All of those people—millions in Ecuador, billions around the planet—are potential terrorists. Not because they believe in communism or anarchism or are intrinsically evil, but simply because they are desperate…
… The subtlety of this modern empire building puts the Roman centurions, the Spanish conquistadors, and the eighteenth- and nineteenth-century European colonial powers to shame. We EHMs are crafty; we learned from history. Today we do not carry swords. We do not wear armor or clothes that set us apart. In countries like Ecuador, Nigeria, and Indonesia, we dress like local schoolteachers and shop owners. In Washington and Paris, we look like government bureaucrats and bankers. We appear humble, normal. We visit project sites and stroll through impoverished villages. We profess altruism, talk with local papers about the wonderful humanitarian things we are doing. We cover the conference tables of government committees with our spreadsheets and financial projections, and we lecture at the Harvard Business School about the miracles of macroeconomics. We are on the record, in the open. Or so we portray ourselves and so are we accepted. It is how the system works. We seldom resort to anything illegal because the system itself is built on subterfuge, and the system is by definition legitimate.

However—and this is a very large caveat—if we fail, an even more sinister breed steps in, ones we EHMs refer to as the jackals, men who trace their heritage directly to those earlier empires. The jackals are always there, lurking in the shadows. When they emerge, heads of state are overthrown or die in violent “accidents.” And if by chance the jackals fail, as they failed in Afghanistan and Iraq, then the old models resurface. When the jackals fail, young Americans are sent in to kill and to die (Perkins xvii-xxi).

The “jackals” that Perkins refers to here are assassins, usually from the CIA, that Pat Robertson said we should use to kill Hugo Chavez of Venezuela instead of killing more “young Americans” in uniform (Robertson). Robertson demonstrated that he knows what is going on; why he supports it is beyond me.  He will have to take that up with God, as will all Christian’s who support this anti-Christian system. 

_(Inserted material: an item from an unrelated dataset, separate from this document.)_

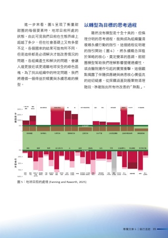 35進一步來看,圖5呈現了衡量甜甜圈的每個要素時,地球目前所處的狀態。由此可見我們目前在生態界線上超越了多少,但在社會基礎上又有多麼不足。各個國家的結果可能有所不同,但是這些都是必須解決才能改善情況的問題。各組織產生和解決的問題,會讓人道更接近或更遠離地球安全的綠色區塊。為了找出組織中的特定問題,我們將遵循一個得益於精實與永續思維的模型。以轉型為目標的思考過程雖然沒有模型是十全十美的,但條理分明的思考過程,能夠成為組織釐清複雜永續行動的指引。這個過程從明確的指引開始(圖6),將永續概念深植於策略的核心,奠定變革的基調。甜甜圈模型幫助我們理解影響營運連續性,或由醫院運作引起的實質衝擊。這個觀點揭露了伴隨供應鏈與病患核心價值流的迫切疑慮,從採購涵蓋到廢棄物清理階段,準確指出所有待改善的「熱點」。圖5:地球目前的處境(Fanning and Raworth, 2025)專欄文章5|執行差距生態超載社會缺失二氧化碳濃度營養不良糧食不足不識字率社會貧困五歲以下兒童死亡率醫療服務缺乏未完成中學教育危險衛生設施室內缺乏潔淨燃料貧民窟或非正式住居公共運輸缺乏性別不平等種族不平等缺乏社會支持收入不平等殺人犯罪率威權政體腐敗網路缺乏缺電青年尼特族危險飲用水氣候變遷食物健康教育收入與工作水能源連結性住宅平等社會凝聚力政治聲音和平與正義海洋酸化化學污染營養物污染空氣污染淡水干擾土地用途轉換生物多樣性破壞臭氧層耗竭輻射強迫力有毒化學品磷氮跨半球氣膠微粒藍水綠水森林面積滅絕率HANPP平流層臭氧生態邊界社會基礎霰石飽和度

Like U.S. citizens in general, [I] believed we were doing countries favors when we built power plants, highways, and ports.  Our schools and our press have taught us to perceive all of our actions as altruistic.  Over the years, I’ve repeatedly heard comments like, “If they’re going to burn the U.S. flag and demonstrate against our embassy, why don’t we just get out of their damn country and let them wallow in their own poverty?”
People who say such things often hold diplomas certifying that they are well educated.  However, these people have no clue that the main reason we establish embassies around the world is to serve our own [business] interests, which during the last half of the twentieth century meant turning the American republic into a global empire. Despite credentials, such people are as uneducated as those eighteenth-century colonists who believed that the Indians fighting to defend their lands were servants of the devil (Perkins 16).

Corporate lies were responsible for making us believe that Native Americans were “devils” and “deserving” of death.  With “Christians” clearing the lands of the “Native Devils”, the corporations walked in unmolested and set-up shop and enslaved the Christians in their corporations.  “Blessed be the ties that bind” us to corporate greed. What we did for the “Indians” we will do for the rest of the world. God must be so proud of us. I have no idea why anyone would hate us.

References:
           
Perkins, John. Confessions of Economic Hit Man. San Francisco: Berrett-Koehler, 2004.